For Renée T., the protagonist of the LKA’s The Town of Light, the light bathed her with hellish attention, turning her inside-out. The game’s title, which initially strikes one as pious and placid, is actually a description of terror. The town is a mental asylum where young Renée is confined, in an Italian village at the height of the Second World War. Women couldn’t vote in Italy; lobotomies were all the rage; ‘hysteria’ was a diagnosis.

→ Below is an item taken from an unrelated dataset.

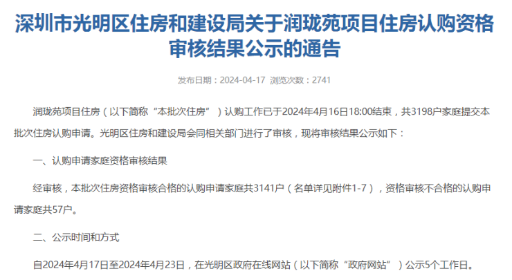 刚刚结束线上申购的光明可售型人才房润珑苑,4月17日光明住建局已公示项目认购资格审核结果。

There are no pretensions to Town; it speaks for itself in subtle registers about being a woman in a world that treats it as a pre-existing condition. Gender politics is never hinted at; even the fascism of Mussolini’s Italy fades into the background in the form of occasional propaganda. What we get is one woman’s personal experience, without any filter, speaking for herself in a way that makes no claim upon our judgement but whose truth feels inescapably relentless.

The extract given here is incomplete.